Life happens fast, what are you doing to keep up? Not with what others want to do, no with what you think is right, or where the money is… How are you keeping up with your own vision, and needs? I believe change happens when we are willing to pause and reflect and make commitments to change. The journey can be isolated, and weird, and things may happen that leave you asking ‘WHY’? Surrender. Trust that you are a beautiful seed learning to grow, and water your own dreams with your own power. Take advice when needed, and honor those opinions that you trust. Deep down though, you know best. No one can ever tell you how you feel, what is write, or that someone or something is not right for you.

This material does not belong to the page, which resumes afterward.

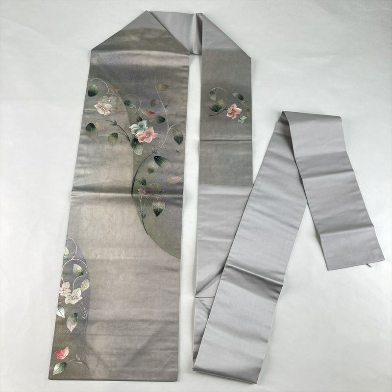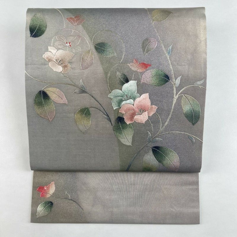 (中古)名古屋帯 グレー カジュアル 名古屋仕立て 刺繍 銀彩 蔓花 絹

Our minds our powerful, and we can think a lot. Only you know what fulfills you and those things and people that light you up so you can fly high. Honestly, I’ve had things happen where I have no idea why I choose this way or why I enjoy this person, or why my whole heart lights with certain people and hobbies. What I do know is that in order to change you need to make strives forward. Detach and let go of what could be or may be or was. Notice people for how they respond and the actions they are showing to you. Never force. Find contentment in yourself before acting. Let go of other peoples vision for you and follow your own dreams. Let friends and partnerships come your way, no holding on. Feel the pain, and learn how to shift that feeling and release it. If you need to speak – do it. Don’t force. Sometimes letting go means finding inner peace withing yourself and trusting the rest to happen. You can have closure and release and let go of what was just by finding acceptance with yourself – not by verbalizing or sharing with others. Letting go is freedom within yourself. The ability to see things as they were, and now are, and recognizing what you need to do to journey on. Trust in the love and inner power of yourself. And in your own space, clean out what was and be so welcome to what will be….

This last week of Spring I invite you to write out a reflection of what has changed in the last few months. You may surprise yourself.

Happy Healing, and enjoy the final week of Spring!